Please output every record exactly, keeping each line as it is.
══ Record excerpts
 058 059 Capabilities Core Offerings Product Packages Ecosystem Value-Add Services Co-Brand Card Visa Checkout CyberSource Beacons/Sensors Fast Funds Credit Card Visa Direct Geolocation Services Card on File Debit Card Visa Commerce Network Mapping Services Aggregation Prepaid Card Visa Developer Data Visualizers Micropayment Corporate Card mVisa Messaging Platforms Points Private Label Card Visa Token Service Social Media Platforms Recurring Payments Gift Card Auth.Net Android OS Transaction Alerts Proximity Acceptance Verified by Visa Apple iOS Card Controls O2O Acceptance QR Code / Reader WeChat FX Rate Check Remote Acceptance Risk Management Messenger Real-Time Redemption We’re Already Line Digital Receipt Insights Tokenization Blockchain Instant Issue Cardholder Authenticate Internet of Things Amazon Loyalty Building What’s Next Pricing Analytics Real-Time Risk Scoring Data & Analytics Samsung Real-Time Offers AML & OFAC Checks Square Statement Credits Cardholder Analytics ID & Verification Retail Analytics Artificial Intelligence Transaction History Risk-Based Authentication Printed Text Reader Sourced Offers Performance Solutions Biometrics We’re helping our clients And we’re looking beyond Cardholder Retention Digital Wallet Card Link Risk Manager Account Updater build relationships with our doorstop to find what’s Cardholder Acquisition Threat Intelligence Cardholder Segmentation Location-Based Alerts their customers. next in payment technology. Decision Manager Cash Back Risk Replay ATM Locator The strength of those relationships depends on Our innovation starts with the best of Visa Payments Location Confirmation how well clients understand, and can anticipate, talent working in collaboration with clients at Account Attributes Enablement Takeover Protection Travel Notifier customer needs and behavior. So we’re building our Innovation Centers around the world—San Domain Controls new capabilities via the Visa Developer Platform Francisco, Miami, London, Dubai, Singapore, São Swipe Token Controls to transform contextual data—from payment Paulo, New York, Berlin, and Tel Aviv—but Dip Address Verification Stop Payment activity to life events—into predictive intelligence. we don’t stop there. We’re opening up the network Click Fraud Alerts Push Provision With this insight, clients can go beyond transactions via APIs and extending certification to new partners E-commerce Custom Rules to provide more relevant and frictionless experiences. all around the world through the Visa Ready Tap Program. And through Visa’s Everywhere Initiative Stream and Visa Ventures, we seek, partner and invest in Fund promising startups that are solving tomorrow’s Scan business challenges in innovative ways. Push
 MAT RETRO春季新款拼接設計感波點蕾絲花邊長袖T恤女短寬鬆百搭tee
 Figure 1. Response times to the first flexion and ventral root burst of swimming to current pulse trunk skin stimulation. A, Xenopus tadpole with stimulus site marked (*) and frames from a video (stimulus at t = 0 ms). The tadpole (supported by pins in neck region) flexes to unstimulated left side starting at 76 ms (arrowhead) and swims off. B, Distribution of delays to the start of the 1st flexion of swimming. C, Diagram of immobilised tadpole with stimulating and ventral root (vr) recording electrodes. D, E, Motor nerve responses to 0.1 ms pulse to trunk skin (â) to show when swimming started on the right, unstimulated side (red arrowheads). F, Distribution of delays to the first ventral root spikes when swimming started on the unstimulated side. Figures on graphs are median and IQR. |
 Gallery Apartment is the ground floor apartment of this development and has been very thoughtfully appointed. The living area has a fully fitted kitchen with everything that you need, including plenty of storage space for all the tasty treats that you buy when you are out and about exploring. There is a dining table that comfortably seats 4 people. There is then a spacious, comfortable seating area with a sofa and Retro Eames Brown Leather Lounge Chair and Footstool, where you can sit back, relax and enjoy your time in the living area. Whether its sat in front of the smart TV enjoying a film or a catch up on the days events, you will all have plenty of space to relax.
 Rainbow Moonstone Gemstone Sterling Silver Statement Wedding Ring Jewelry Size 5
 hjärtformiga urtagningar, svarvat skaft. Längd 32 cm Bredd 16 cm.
════
Response to the exercise:
 058 059 Capabilities Core Offerings Product Packages Ecosystem Value-Add Services Co-Brand Card Visa Checkout CyberSource Beacons/Sensors Fast Funds Credit Card Visa Direct Geolocation Services Card on File Debit Card Visa Commerce Network Mapping Services Aggregation Prepaid Card Visa Developer Data Visualizers Micropayment Corporate Card mVisa Messaging Platforms Points Private Label Card Visa Token Service Social Media Platforms Recurring Payments Gift Card Auth.Net Android OS Transaction Alerts Proximity Acceptance Verified by Visa Apple iOS Card Controls O2O Acceptance QR Code / Reader WeChat FX Rate Check Remote Acceptance Risk Management Messenger Real-Time Redemption We’re Already Line Digital Receipt Insights Tokenization Blockchain Instant Issue Cardholder Authenticate Internet of Things Amazon Loyalty Building What’s Next Pricing Analytics Real-Time Risk Scoring Data & Analytics Samsung Real-Time Offers AML & OFAC Checks Square Statement Credits Cardholder Analytics ID & Verification Retail Analytics Artificial Intelligence Transaction History Risk-Based Authentication Printed Text Reader Sourced Offers Performance Solutions Biometrics We’re helping our clients And we’re looking beyond Cardholder Retention Digital Wallet Card Link Risk Manager Account Updater build relationships with our doorstop to find what’s Cardholder Acquisition Threat Intelligence Cardholder Segmentation Location-Based Alerts their customers. next in payment technology. Decision Manager Cash Back Risk Replay ATM Locator The strength of those relationships depends on Our innovation starts with the best of Visa Payments Location Confirmation how well clients understand, and can anticipate, talent working in collaboration with clients at Account Attributes Enablement Takeover Protection Travel Notifier customer needs and behavior. So we’re building our Innovation Centers around the world—San Domain Controls new capabilities via the Visa Developer Platform Francisco, Miami, London, Dubai, Singapore, São Swipe Token Controls to transform contextual data—from payment Paulo, New York, Berlin, and Tel Aviv—but Dip Address Verification Stop Payment activity to life events—into predictive intelligence. we don’t stop there. We’re opening up the network Click Fraud Alerts Push Provision With this insight, clients can go beyond transactions via APIs and extending certification to new partners E-commerce Custom Rules to provide more relevant and frictionless experiences. all around the world through the Visa Ready Tap Program. And through Visa’s Everywhere Initiative Stream and Visa Ventures, we seek, partner and invest in Fund promising startups that are solving tomorrow’s Scan business challenges in innovative ways. Push
 MAT RETRO春季新款拼接設計感波點蕾絲花邊長袖T恤女短寬鬆百搭tee
 Figure 1. Response times to the first flexion and ventral root burst of swimming to current pulse trunk skin stimulation. A, Xenopus tadpole with stimulus site marked (*) and frames from a video (stimulus at t = 0 ms). The tadpole (supported by pins in neck region) flexes to unstimulated left side starting at 76 ms (arrowhead) and swims off. B, Distribution of delays to the start of the 1st flexion of swimming. C, Diagram of immobilised tadpole with stimulating and ventral root (vr) recording electrodes. D, E, Motor nerve responses to 0.1 ms pulse to trunk skin (â) to show when swimming started on the right, unstimulated side (red arrowheads). F, Distribution of delays to the first ventral root spikes when swimming started on the unstimulated side. Figures on graphs are median and IQR. |
 Gallery Apartment is the ground floor apartment of this development and has been very thoughtfully appointed. The living area has a fully fitted kitchen with everything that you need, including plenty of storage space for all the tasty treats that you buy when you are out and about exploring. There is a dining table that comfortably seats 4 people. There is then a spacious, comfortable seating area with a sofa and Retro Eames Brown Leather Lounge Chair and Footstool, where you can sit back, relax and enjoy your time in the living area. Whether its sat in front of the smart TV enjoying a film or a catch up on the days events, you will all have plenty of space to relax.
 Rainbow Moonstone Gemstone Sterling Silver Statement Wedding Ring Jewelry Size 5
 hjärtformiga urtagningar, svarvat skaft. Längd 32 cm Bredd 16 cm.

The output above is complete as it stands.